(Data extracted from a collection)
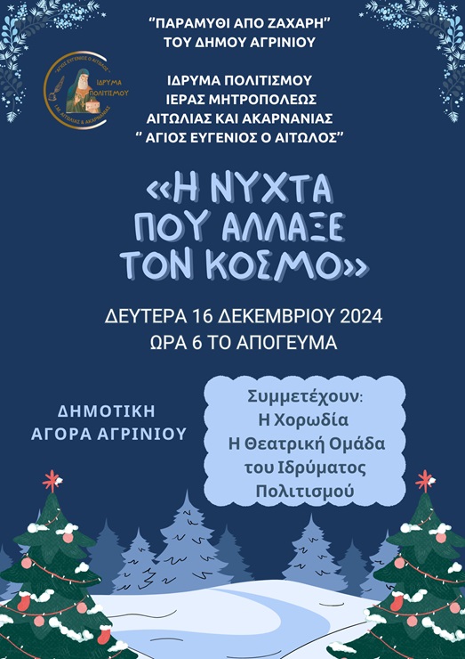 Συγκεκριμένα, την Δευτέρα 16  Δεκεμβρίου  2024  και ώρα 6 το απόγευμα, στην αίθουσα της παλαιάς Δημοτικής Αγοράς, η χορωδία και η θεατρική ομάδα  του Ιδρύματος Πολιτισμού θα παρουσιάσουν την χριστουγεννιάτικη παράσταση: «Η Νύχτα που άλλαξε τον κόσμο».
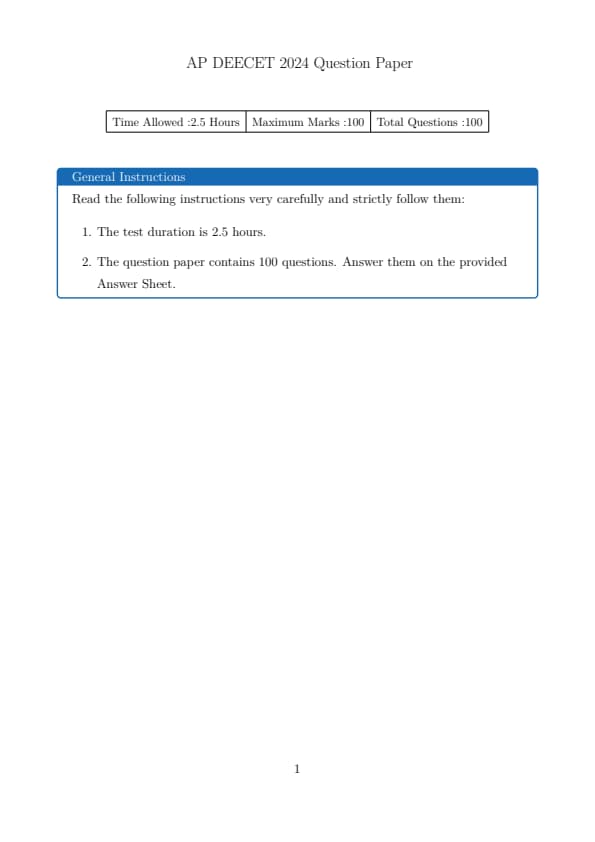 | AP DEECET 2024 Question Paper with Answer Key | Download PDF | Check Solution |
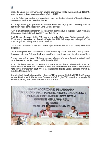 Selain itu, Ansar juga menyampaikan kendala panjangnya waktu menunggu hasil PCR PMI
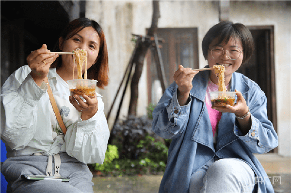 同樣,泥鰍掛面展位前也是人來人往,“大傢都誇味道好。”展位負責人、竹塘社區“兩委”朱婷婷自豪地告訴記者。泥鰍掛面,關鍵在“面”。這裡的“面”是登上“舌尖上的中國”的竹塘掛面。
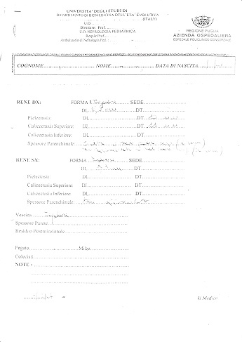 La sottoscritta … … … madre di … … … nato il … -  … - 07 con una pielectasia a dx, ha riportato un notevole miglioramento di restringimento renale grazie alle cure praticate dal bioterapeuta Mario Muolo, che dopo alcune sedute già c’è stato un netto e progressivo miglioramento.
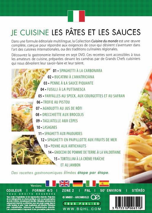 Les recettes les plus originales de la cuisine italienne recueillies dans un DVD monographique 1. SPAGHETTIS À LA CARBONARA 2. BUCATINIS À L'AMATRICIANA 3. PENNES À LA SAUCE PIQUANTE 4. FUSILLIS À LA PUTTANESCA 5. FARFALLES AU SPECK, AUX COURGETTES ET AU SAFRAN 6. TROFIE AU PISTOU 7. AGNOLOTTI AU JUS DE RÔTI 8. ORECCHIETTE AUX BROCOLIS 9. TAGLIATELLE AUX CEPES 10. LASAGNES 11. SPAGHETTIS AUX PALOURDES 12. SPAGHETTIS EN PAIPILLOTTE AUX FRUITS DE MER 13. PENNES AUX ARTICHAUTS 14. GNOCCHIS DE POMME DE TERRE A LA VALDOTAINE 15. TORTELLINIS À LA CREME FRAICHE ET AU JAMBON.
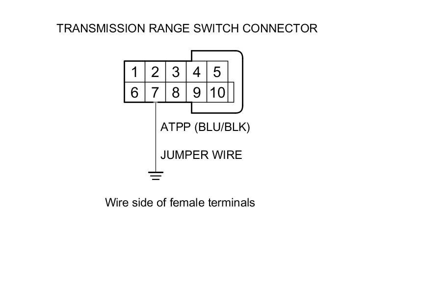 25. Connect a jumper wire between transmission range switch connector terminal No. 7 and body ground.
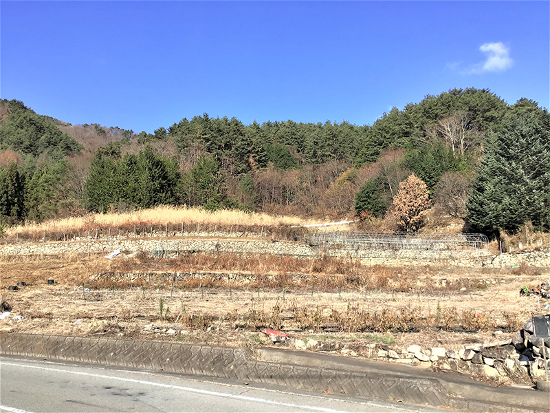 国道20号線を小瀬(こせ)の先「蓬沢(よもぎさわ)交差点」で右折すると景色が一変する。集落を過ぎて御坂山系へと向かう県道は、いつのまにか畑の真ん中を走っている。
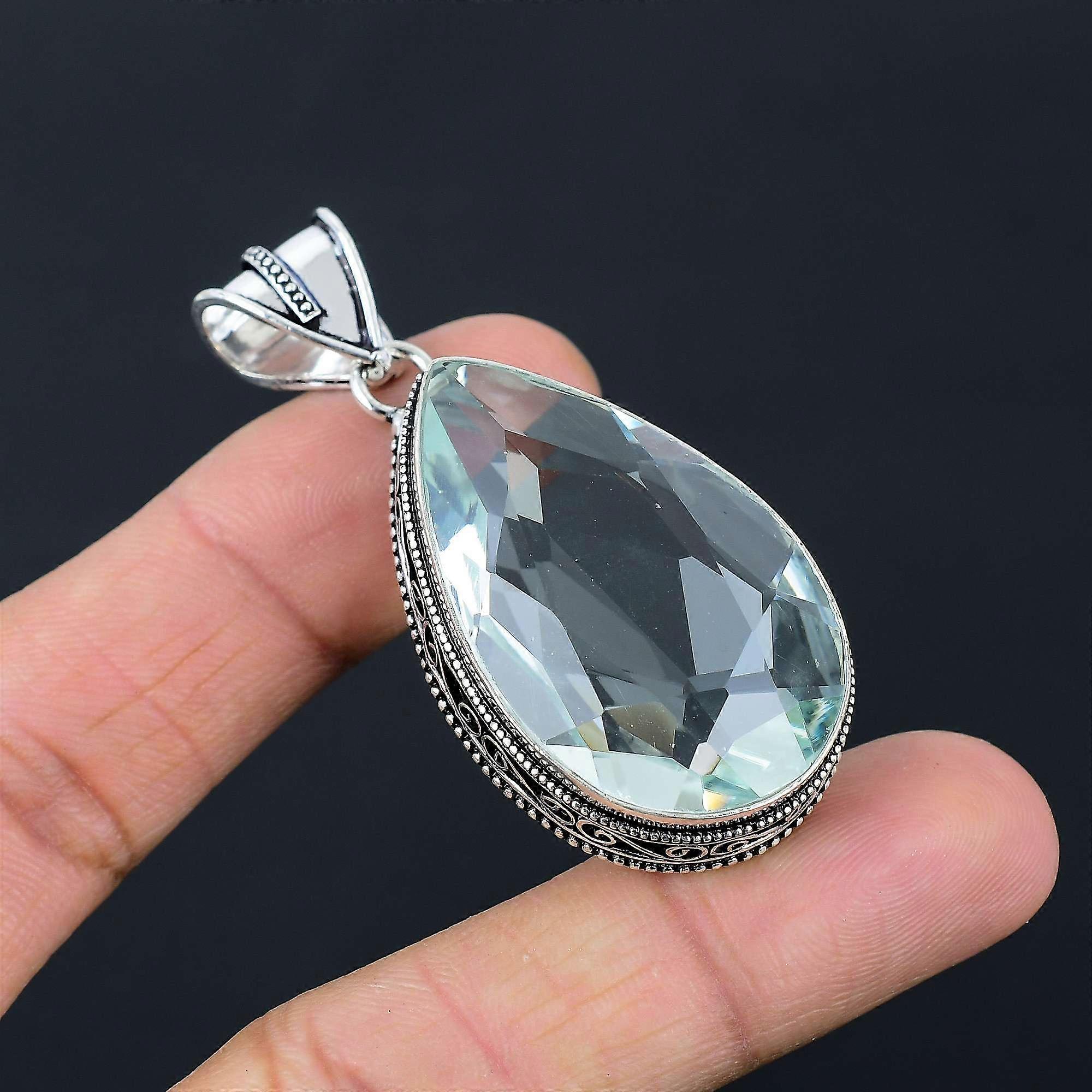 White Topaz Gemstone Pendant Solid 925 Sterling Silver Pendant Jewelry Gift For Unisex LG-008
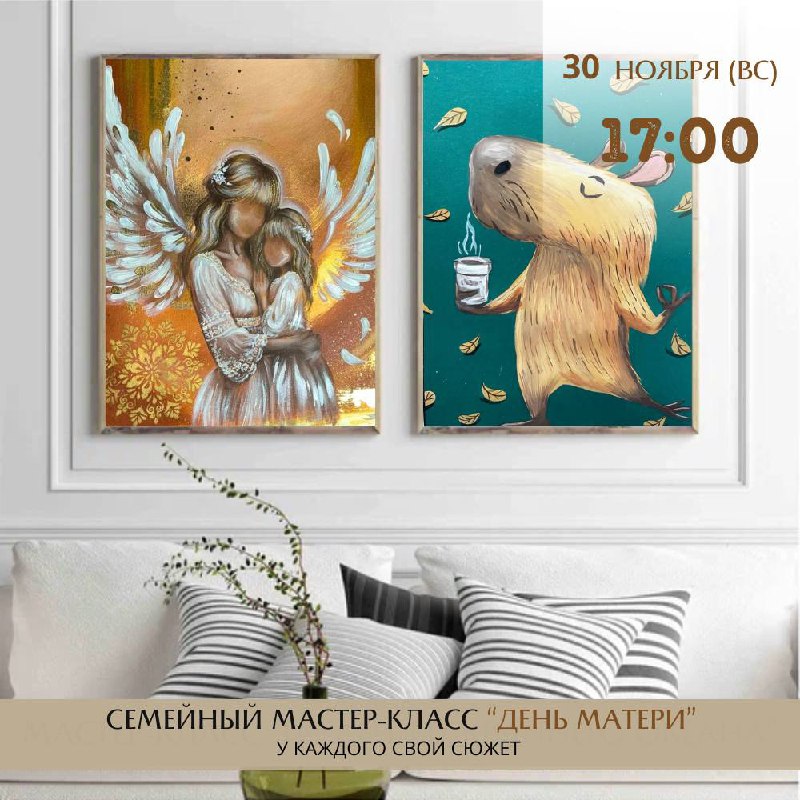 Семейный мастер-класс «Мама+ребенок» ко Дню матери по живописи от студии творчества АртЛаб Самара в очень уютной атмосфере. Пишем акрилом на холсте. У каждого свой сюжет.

- **INSTRUCTIONS TO FOLLOW**: Provide the lines again, unchanged, from where the data above begins through the line containing "White Topaz Gemstone", both ends included, omitting pictures and adding nothing.

- **SOLUTION FOR THIS EXERCISE**:
 Συγκεκριμένα, την Δευτέρα 16  Δεκεμβρίου  2024  και ώρα 6 το απόγευμα, στην αίθουσα της παλαιάς Δημοτικής Αγοράς, η χορωδία και η θεατρική ομάδα  του Ιδρύματος Πολιτισμού θα παρουσιάσουν την χριστουγεννιάτικη παράσταση: «Η Νύχτα που άλλαξε τον κόσμο».
 | AP DEECET 2024 Question Paper with Answer Key | Download PDF | Check Solution |
 Selain itu, Ansar juga menyampaikan kendala panjangnya waktu menunggu hasil PCR PMI
 同樣,泥鰍掛面展位前也是人來人往,“大傢都誇味道好。”展位負責人、竹塘社區“兩委”朱婷婷自豪地告訴記者。泥鰍掛面,關鍵在“面”。這裡的“面”是登上“舌尖上的中國”的竹塘掛面。
 La sottoscritta … … … madre di … … … nato il … -  … - 07 con una pielectasia a dx, ha riportato un notevole miglioramento di restringimento renale grazie alle cure praticate dal bioterapeuta Mario Muolo, che dopo alcune sedute già c’è stato un netto e progressivo miglioramento.
 Les recettes les plus originales de la cuisine italienne recueillies dans un DVD monographique 1. SPAGHETTIS À LA CARBONARA 2. BUCATINIS À L'AMATRICIANA 3. PENNES À LA SAUCE PIQUANTE 4. FUSILLIS À LA PUTTANESCA 5. FARFALLES AU SPECK, AUX COURGETTES ET AU SAFRAN 6. TROFIE AU PISTOU 7. AGNOLOTTI AU JUS DE RÔTI 8. ORECCHIETTE AUX BROCOLIS 9. TAGLIATELLE AUX CEPES 10. LASAGNES 11. SPAGHETTIS AUX PALOURDES 12. SPAGHETTIS EN PAIPILLOTTE AUX FRUITS DE MER 13. PENNES AUX ARTICHAUTS 14. GNOCCHIS DE POMME DE TERRE A LA VALDOTAINE 15. TORTELLINIS À LA CREME FRAICHE ET AU JAMBON.
 25. Connect a jumper wire between transmission range switch connector terminal No. 7 and body ground.
 国道20号線を小瀬(こせ)の先「蓬沢(よもぎさわ)交差点」で右折すると景色が一変する。集落を過ぎて御坂山系へと向かう県道は、いつのまにか畑の真ん中を走っている。
 White Topaz Gemstone Pendant Solid 925 Sterling Silver Pendant Jewelry Gift For Unisex LG-008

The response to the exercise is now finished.